The winning scheme, which with some amendments was put into practice, created 4 sewer outfalls directly into the River Tay at Riverside Lane, the old harbour, James Street and Bank Street. All the raw sewage from the burgh would be fed into these pipes, sent into the river and the Commissioners could wash their hands of it.

J J Henderson was well-qualified in drainage schemes. He was a civil engineer and architect with previous experience of municipal engineering and sanitation arrangements. And he was a man ahead of his time. He had submitted an entry in the Newport competition but it was judged too expensive, coming in just under double the cost of the £2600 winner.

Disappointed at not winning, and seeking to explain both the reasons for the cost of his scheme and the benefits it would give to the people of Newport, he wrote a letter to the Editor of the Courier in January 1888.

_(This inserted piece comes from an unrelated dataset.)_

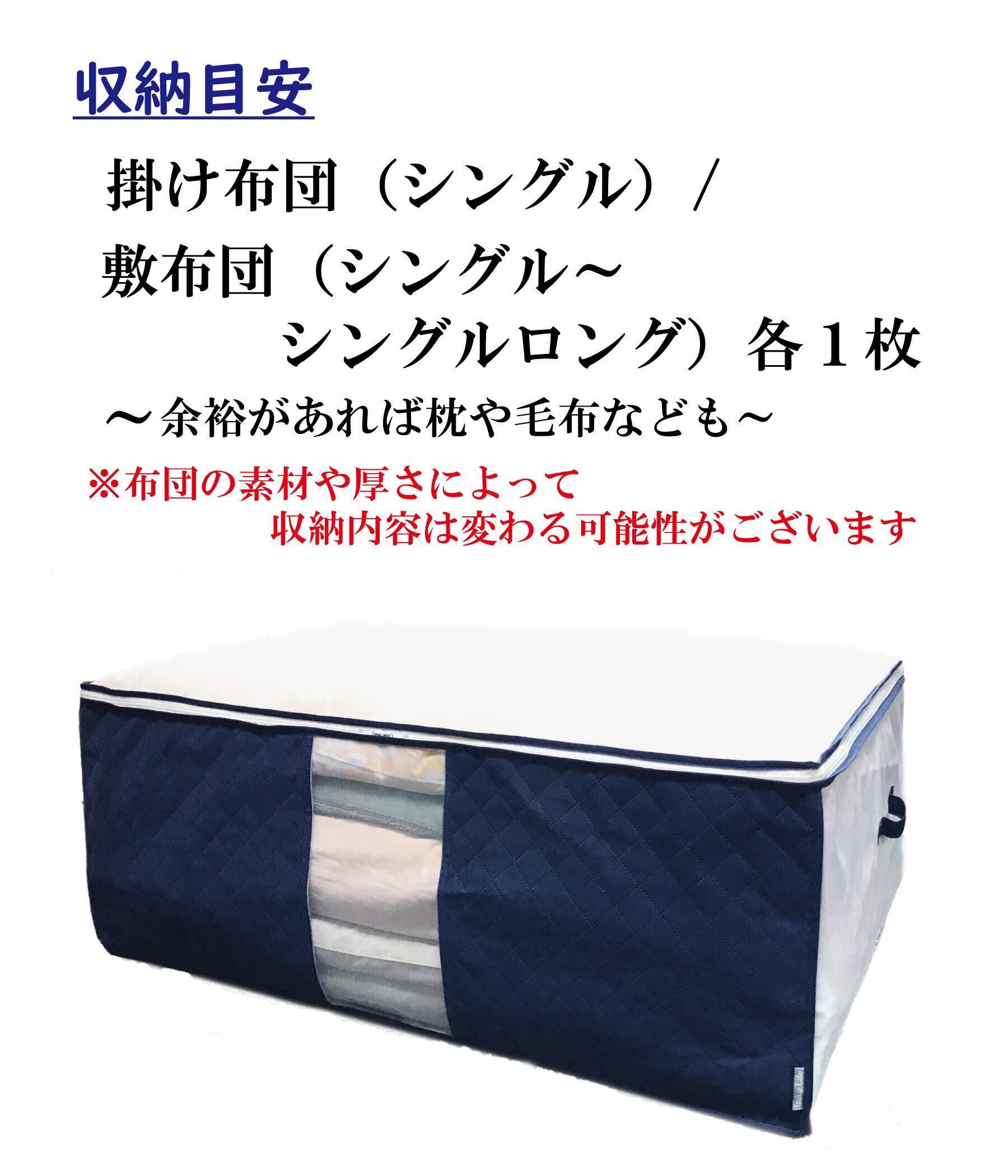 ※持ち手部分にかなり重さがかかりますので取り扱いにご注意ください(持ち手部分は二重縫製加工済)/通気性を重視し厚紙などは入っておりませんので、収納物が入っていない場合は自立しません(使用しない時はコンパクトに畳めます)/収納する寝具の厚みなどにより収納目安は変わります。ご了承くださいませ。

His scheme would “take all the sewage of the burgh by an intercepting sewer, carried along nearly the whole length of the foreshore, near high water mark, to a gathering tank at Craighead Point, and there, by one outlet, discharge it into the river during the central three and a half hours of the ebb tide by an automatic arrangement of valves”.

Does it sound familiar?

Well, this was the very scheme adopted by Scottish Water in 2006, except that the intercepting sewer now runs along the main road and is dependent on electricity to pump it to the treatment works between Newport and Tayport.

Henderson also foresaw the sewage treatment works, as he noted in his explanation : “Sanitary science … has advanced by such rapid strides within recent years that it would be difficult to set a limit to its progress during the immediate future in the direction of purification of sewage. Such being the case I have kept in view the possibility of the [Commissioners] being called upon, within a reasonable period, to undertake the disposal of the sewage of the burgh otherwise than by casting it, in all its native filthiness, into the river”.

But money talks.

And so, as Henderson went on to say, the “enjoyable use [of the foreshore] by the inhabitants, either in boating, bathing or walking, may be increased by the absence of sewage matter” was an expectation that would not be realised for 118 years.

Sources:

  • Obituary, Dundee Courier, 8 April 1902, p.4; Image © THE BRITISH LIBRARY BOARD. ALL RIGHTS RESERVED.
  • Letters to the Editor, Dundee Courier, 14 January 1888, p.2
  • Newport Burgh Commissioners business as reported in the local press 1887-88.